News from Hope College

Student Paintings Earn Professional Exhibition

This past school year, Katherine Sullivan of the art faculty was so impressed by the final projects produced by her course’s 10 students that she believed that they merited additional attention, so she contacted the highly respected Lafontsee Gallery of Grand Rapids, Michigan, about exhibiting at least some of the pieces. The result was an exhibition at Lafontsee in May, complete with a formal opening reception.

“I’m really proud of the work that the students did,” said Sullivan, a professor of art — and herself an acclaimed painter — who has taught at Hope since 2003. “I’ve never pitched student work to a private gallery because that’s not what they do, but these works were so strong. They wrote back and said, ‘We’ll take all of them.’ That’s not a guarantee, ever.”

The Department of Art and Art History has long offered its own high-visibility opportunities for students who produce outstanding art to show their work in the gallery of the De Pree Art Center — such as the fall Juried Student Art Show that is open to everyone, and the spring Senior Art Show for graduating studio-art and art-history majors. That provides valuable experience, as do the variety of internships and other pre-professional placements students can pursue, but the Painting 2 students have had an entrée to the art world and its expectations that Sullivan noted that many young artists don’t receive.

“When you graduate in the visual arts, it’s very hard to get a studio and oftentimes that first professional achievement on the resumé post-graduation,” she said. “They’ve had the experience of having their work in a professional gallery, having to price it, writing an artist statement — all of them, with the exception of one, before their senior year.”

Rising senior Lily Leman of Oak Park, Illinois, who was one of the Painting 2 students, is looking forward to the career that she will pursue with her studio-art major after she graduates next year, and she’s making the most of her time at Hope to explore what that might become and to prepare. This summer, for example, she’s working as a gallery manager in Saugatuck, Michigan. She appreciates that she can include a professional exhibition credit among her accomplishments — and that Hope provided the chance for it.

“Having my work exhibited in a professional gallery was truly an honor, and an unexpected one,” Leman said. “I didn’t think I would have my work exhibited in a gallery not affiliated with Hope until later in my career. The experience serves as a reminder to me of how many incredible opportunities Hope will give you if you put in the work.”

Lily Leman
Untitled
4 ft x 3 ft, oil on canvas

The Painting 2 assignment that led to the exhibition was a unique experience of its own. Dubbed “The Reduction Project,” it required each student to select a painting from early in the semester and deconstruct it through several subsequent iterations — zeroing in on one aspect of the work for one stage, for example, and even selecting a different medium for what would eventually become the second-to-last stage.

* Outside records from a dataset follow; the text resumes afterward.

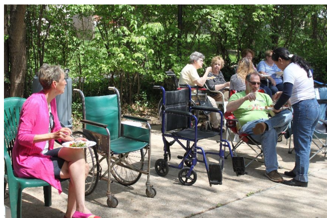
Ladies enjoying wheel chairs
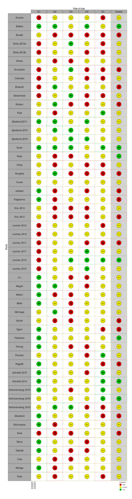
Figure A1. Risk of bias.
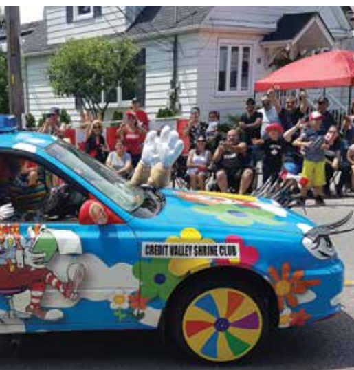
▲ Half a car stole the spotlight in the Glen Williams' Canada Day parade, July 1.
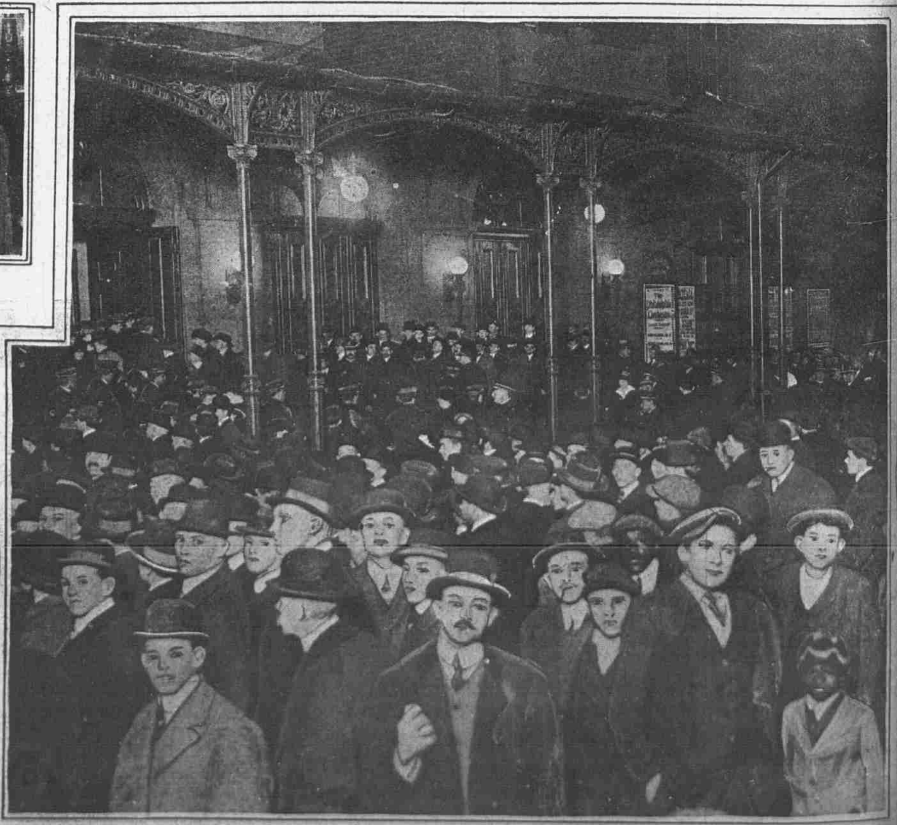
OVERFLOW THROUG MASSED IN FRONT OF ACADEMY OF MUSIC AND SEEKING ADMITTANCE IN VAIN

“For the final project, I asked them to go to that last piece and now make a two-dimensional, large-scale painting based on it,” Sullivan said. “It gets them to look critically at their work and to think conceptually about what’s essential to that painting. For example, the figure in a figurative painting may have become less important to the painting than the texture or the color.”

It was, to be sure, a challenging process, but it was also an effective one, since all 10 of the authentic essences that resulted earned a place in the Lafontsee show.

“The project threw me for a loop — in a good way, I would say,” Leman said. “It was really fascinating to see how with each stage of reduction it became more obvious what the painting’s focus was.”